(Data records Opens)

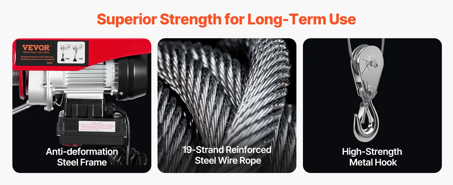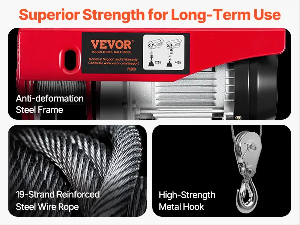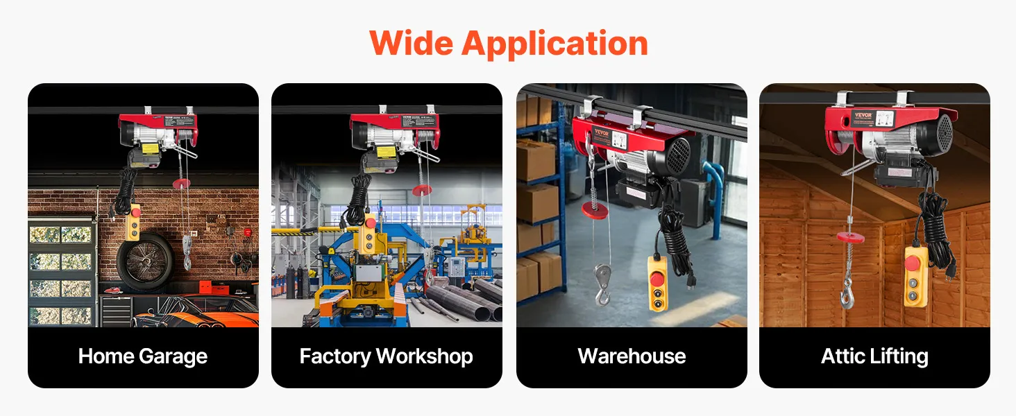 Of u nu in uw garage, magazijn of werkplaats werkt, deze elektrische katrol past zich aan een verscheidenheid aan taken aan, waardoor hij een ideaal hulpmiddel is voor elk project.
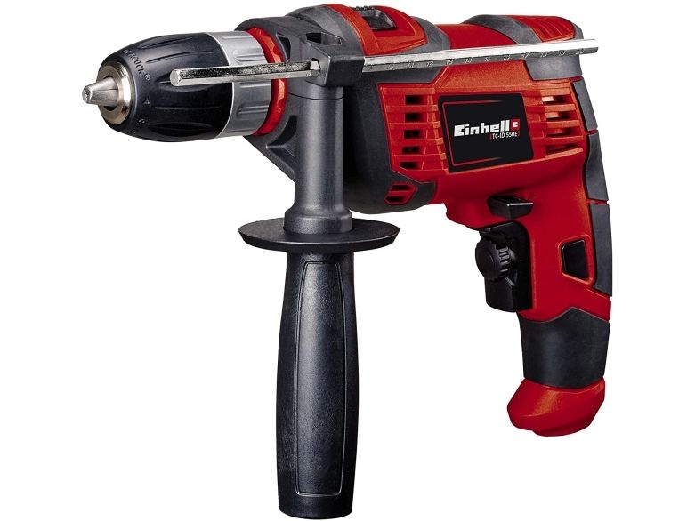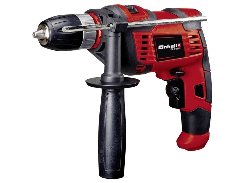 The Einhell TC-ID 550 E impact drill is of compact design and easy to handle, making it the ideal addition to the home tool set. The impact drill is equally suitable for beginners and experienced craftsmen alike and delivers good results for all conventional drilling jobs in and around the house. The TC-ID 550 E can be used for a wide range of applications: In next to no time it gets the job done when it comes to fitting holders in the bathroom or shower cubicle, installing kitchen shelving or securing heavy picture frames. Lamps, projectors or flat screen monitors can be installed effortlessly. The electronic speed control with speed preselector regulates the initial drilling of brittle or soft materials such as tiles or washed concrete to make the job easier. The rugged metal depth stop ensures precise operation even for drilling jobs in rapid succession. With such technical assistance for extreme precision, best results are achieved even on difficult materials. The impact drill also has a reverse function for drilling and screwdriving, and an infinitely adjustable additional handle for optimum operation. The additional handle enables the ambitious hobby DIY enthusiast to hold the impact drill securely with both hands and direct the power exerted to exactly where it is required. The impact drill from Einhell is equipped with a 13 millimeter quick-change chuck for for easy tool change. There is therefore no need for an additional chuck key for the chuck.
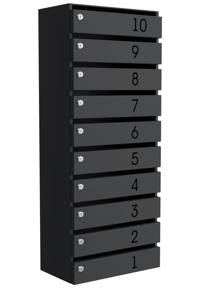 Подъездный почтовый ящик Эталон-10 – изделие на десять ячеек, предназначенное для размещения в закрытом помещении. Почтовый ящик покрашен премиальной порошковой краской, цвет черный муар RAL 9005. Толщина металла – 0,7 мм. Нумерация наносится методом сквозной лазерной резки – цифры можно заранее согласовать с производителем (шрифт по умолчанию Arial). Сварная конструкция из холоднокатаной углеродистой стали. Письма и печатную продукцию вынимают через дверцу, которая открывается сверху-вниз, запираемую на надежный замок. Дверцы имеют уникальную систему крепления, не имеющую аналогов на российском рынке. Одним из основных отличием данной серии является практически безрамочный дизайн. Купить данный почтовый ящик можно в нашем интернет-магазине. Стоимость бокса для корреспонденции – выше средней ценовой категории.
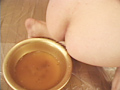 美人未亡人は喪服がお似合い。内証で我々に排泄姿を見せてくれることに。少し高い台の上にしゃがみ込んで大量の自然便。ついでに放出するオシッコの勢いがいい前座になっています。お尻の周りの毛の手入れをいつもやっているように披露してくれました。そして裸体に縄で化粧をしての浣腸。苦しむ顔は天下一品。体中がほてり出し、ついに勢いよく噴射。そして最後は特製洋式便器セットでの大量自然便。こちらも質、量共に文句なし。4台のカメラで色々な角度でおさえてあります。存分にお楽しみ下さい。
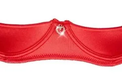 Rot wie die Liebe ist dieses 3-teilige Set, das aus Hebe, Strapshalter und String besteht. Die Hebe verfügt über stützende Bügel, gefütterte Cups und einen Hakenverschluss im Rücken. Die Träger sind verstellbar. Der Strapsgürtel hat einen Frontverschluss für leichtes Öffnen und vier verstellbare Strapshalter. Der passende String ist im Schritt einladend offen.
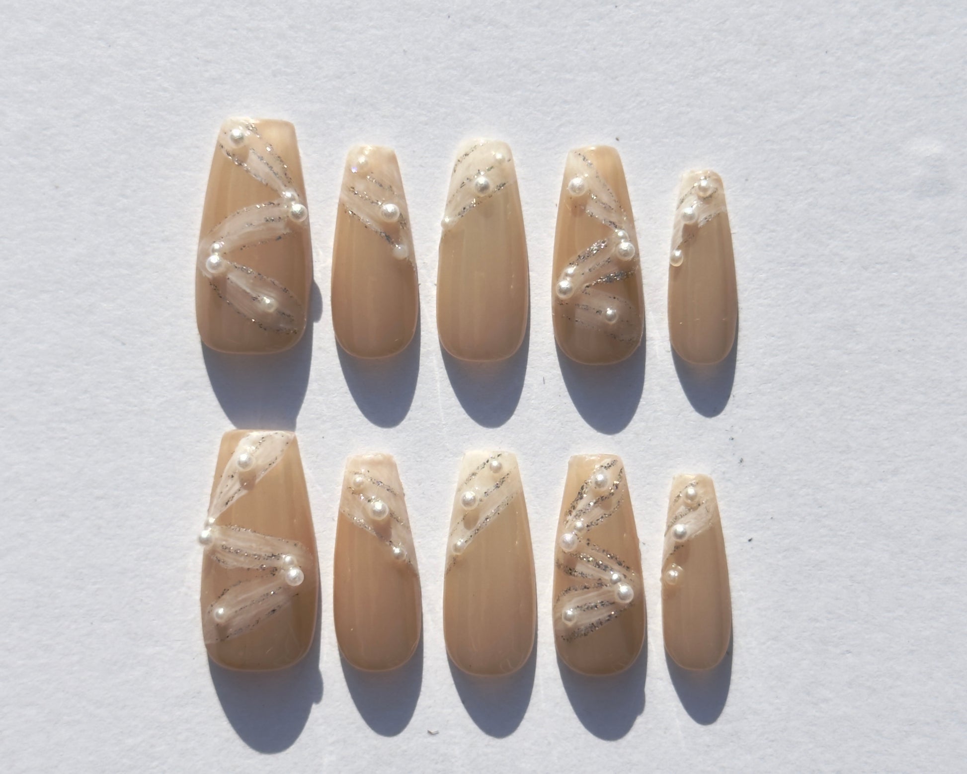 Apply glue to your press-ons and your natural nail. Press firmly for 30 seconds per nail with pressure to ensure full adhesion.
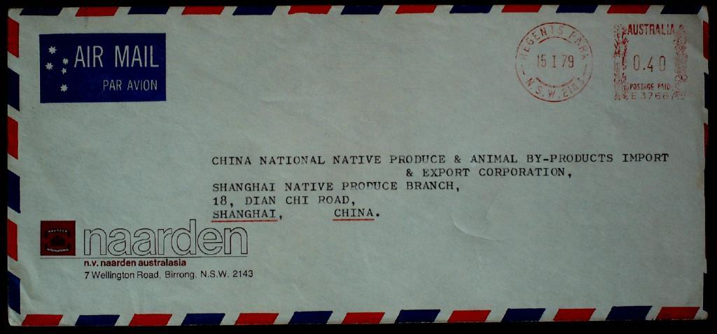 70年代澳大利亚机戳寄上海实寄封一枚

(Data records Closes)

## Task statement
Output every entry verbatim. Pictures do not belong in the copy.

## Answer space
 Of u nu in uw garage, magazijn of werkplaats werkt, deze elektrische katrol past zich aan een verscheidenheid aan taken aan, waardoor hij een ideaal hulpmiddel is voor elk project.
 The Einhell TC-ID 550 E impact drill is of compact design and easy to handle, making it the ideal addition to the home tool set. The impact drill is equally suitable for beginners and experienced craftsmen alike and delivers good results for all conventional drilling jobs in and around the house. The TC-ID 550 E can be used for a wide range of applications: In next to no time it gets the job done when it comes to fitting holders in the bathroom or shower cubicle, installing kitchen shelving or securing heavy picture frames. Lamps, projectors or flat screen monitors can be installed effortlessly. The electronic speed control with speed preselector regulates the initial drilling of brittle or soft materials such as tiles or washed concrete to make the job easier. The rugged metal depth stop ensures precise operation even for drilling jobs in rapid succession. With such technical assistance for extreme precision, best results are achieved even on difficult materials. The impact drill also has a reverse function for drilling and screwdriving, and an infinitely adjustable additional handle for optimum operation. The additional handle enables the ambitious hobby DIY enthusiast to hold the impact drill securely with both hands and direct the power exerted to exactly where it is required. The impact drill from Einhell is equipped with a 13 millimeter quick-change chuck for for easy tool change. There is therefore no need for an additional chuck key for the chuck.
 Подъездный почтовый ящик Эталон-10 – изделие на десять ячеек, предназначенное для размещения в закрытом помещении. Почтовый ящик покрашен премиальной порошковой краской, цвет черный муар RAL 9005. Толщина металла – 0,7 мм. Нумерация наносится методом сквозной лазерной резки – цифры можно заранее согласовать с производителем (шрифт по умолчанию Arial). Сварная конструкция из холоднокатаной углеродистой стали. Письма и печатную продукцию вынимают через дверцу, которая открывается сверху-вниз, запираемую на надежный замок. Дверцы имеют уникальную систему крепления, не имеющую аналогов на российском рынке. Одним из основных отличием данной серии является практически безрамочный дизайн. Купить данный почтовый ящик можно в нашем интернет-магазине. Стоимость бокса для корреспонденции – выше средней ценовой категории.
 美人未亡人は喪服がお似合い。内証で我々に排泄姿を見せてくれることに。少し高い台の上にしゃがみ込んで大量の自然便。ついでに放出するオシッコの勢いがいい前座になっています。お尻の周りの毛の手入れをいつもやっているように披露してくれました。そして裸体に縄で化粧をしての浣腸。苦しむ顔は天下一品。体中がほてり出し、ついに勢いよく噴射。そして最後は特製洋式便器セットでの大量自然便。こちらも質、量共に文句なし。4台のカメラで色々な角度でおさえてあります。存分にお楽しみ下さい。
 Rot wie die Liebe ist dieses 3-teilige Set, das aus Hebe, Strapshalter und String besteht. Die Hebe verfügt über stützende Bügel, gefütterte Cups und einen Hakenverschluss im Rücken. Die Träger sind verstellbar. Der Strapsgürtel hat einen Frontverschluss für leichtes Öffnen und vier verstellbare Strapshalter. Der passende String ist im Schritt einladend offen.
 Apply glue to your press-ons and your natural nail. Press firmly for 30 seconds per nail with pressure to ensure full adhesion.
 70年代澳大利亚机戳寄上海实寄封一枚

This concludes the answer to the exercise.